Dataset extract:
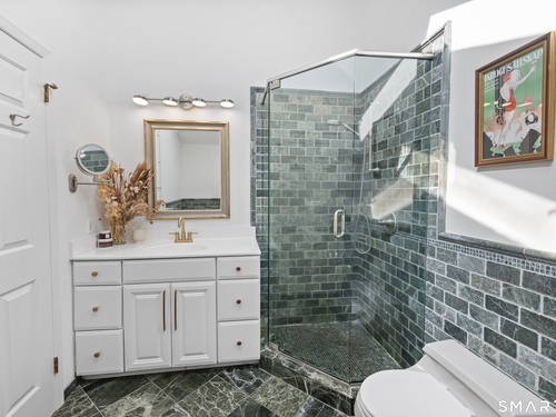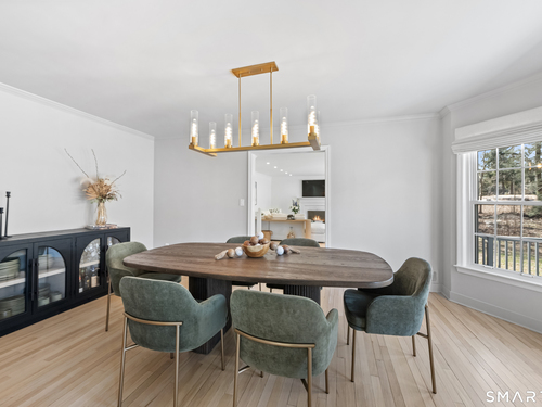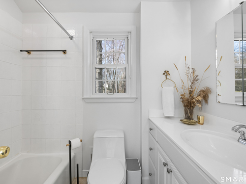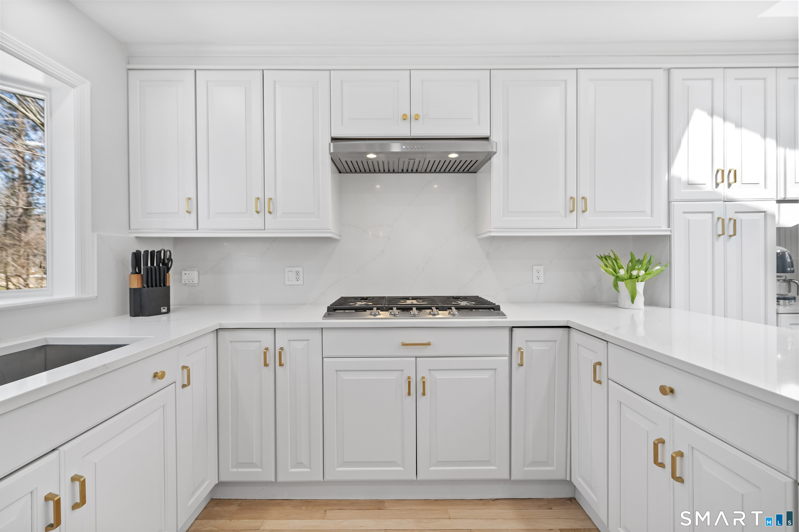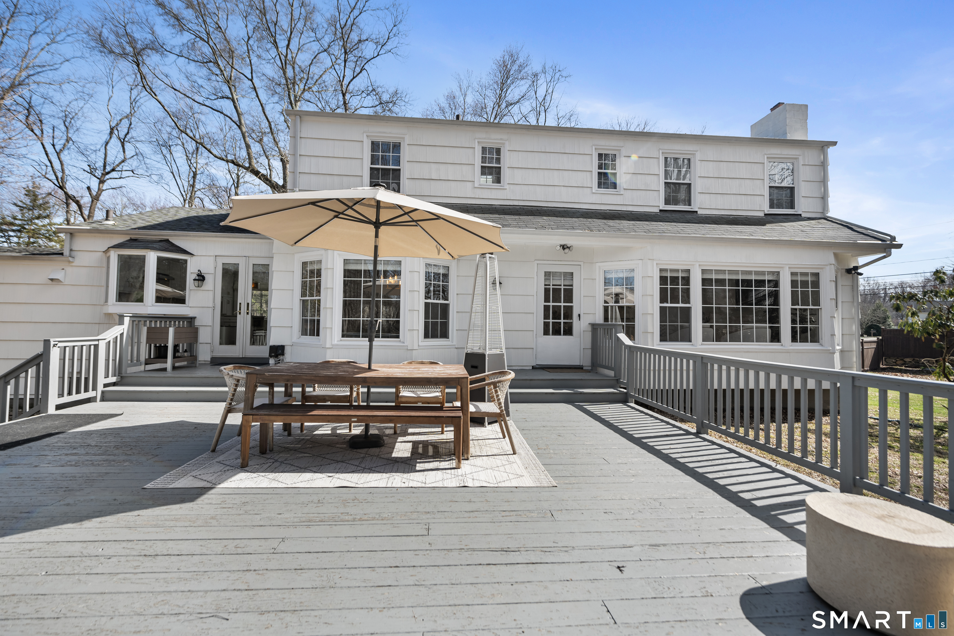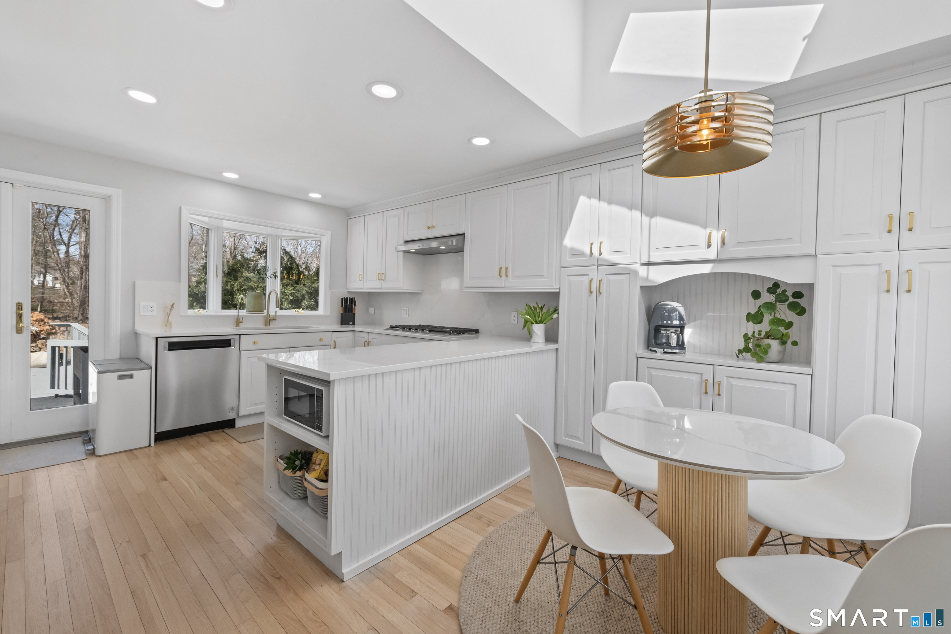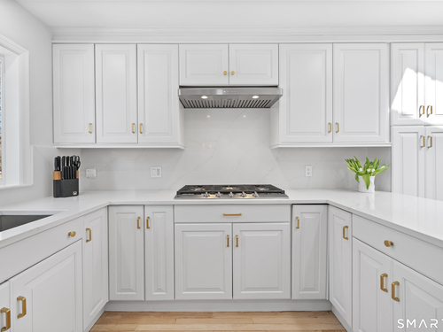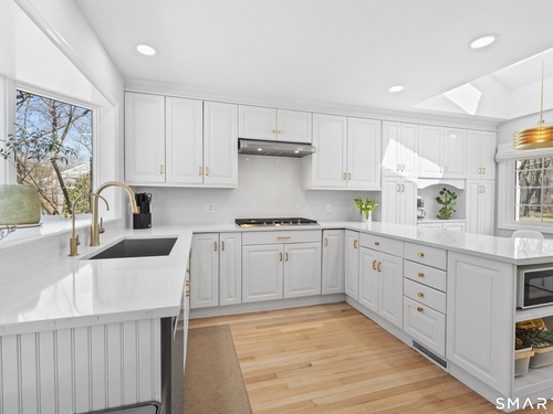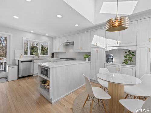 Turnkey and fully updated 4-bedroom, 2.5-bath Colonial Split on a quiet cul-de-sac in a highly convenient Stamford location. Offering approximately 2,877 sq ft, the home features a comfortable layout with a fireplace and French doors opening to a large deck and private backyard. The updated kitchen includes new countertops, refreshed cabinetry, stainless steel appliances, and a gas range, with great natural light throughout. Refinished hardwood floors and recessed lighting add a clean, updated feel. The flexible lower level works well as a family room, gym, or game room. Flat, fenced yard with updated landscaping. Enjoy easy access to the Merritt Parkway, Trader Joe's, shopping, dining, and everyday essentials.
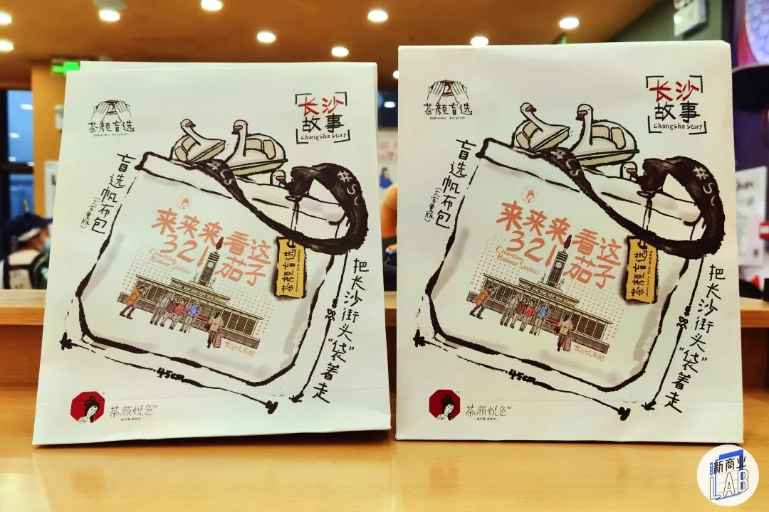 城市的标签,长沙是一座游客众多的网红城市,扎根于长沙的茶颜悦色,通过脑洞大开的奇思妙想,将传统文化与长沙的城市文化深度融合,以周边产品、茶包甚至纸杯为载体,既带动了品牌周边及线上产品的销量,顺便也为长沙及湖南做了一波「硬推广」。
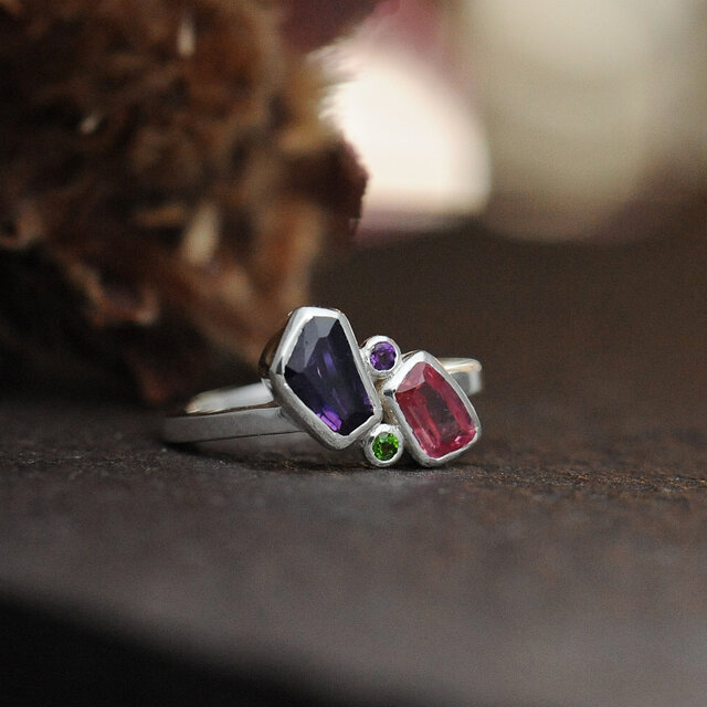 単純に脇石にもパープルとピンクを当ててみたところピンクが強くなってしまって甘すぎる雰囲気になりました。

Action item: Repeat the listing above word for word. Do not include the pictures.

Task answer:
 Turnkey and fully updated 4-bedroom, 2.5-bath Colonial Split on a quiet cul-de-sac in a highly convenient Stamford location. Offering approximately 2,877 sq ft, the home features a comfortable layout with a fireplace and French doors opening to a large deck and private backyard. The updated kitchen includes new countertops, refreshed cabinetry, stainless steel appliances, and a gas range, with great natural light throughout. Refinished hardwood floors and recessed lighting add a clean, updated feel. The flexible lower level works well as a family room, gym, or game room. Flat, fenced yard with updated landscaping. Enjoy easy access to the Merritt Parkway, Trader Joe's, shopping, dining, and everyday essentials.
 城市的标签,长沙是一座游客众多的网红城市,扎根于长沙的茶颜悦色,通过脑洞大开的奇思妙想,将传统文化与长沙的城市文化深度融合,以周边产品、茶包甚至纸杯为载体,既带动了品牌周边及线上产品的销量,顺便也为长沙及湖南做了一波「硬推广」。
 単純に脇石にもパープルとピンクを当ててみたところピンクが強くなってしまって甘すぎる雰囲気になりました。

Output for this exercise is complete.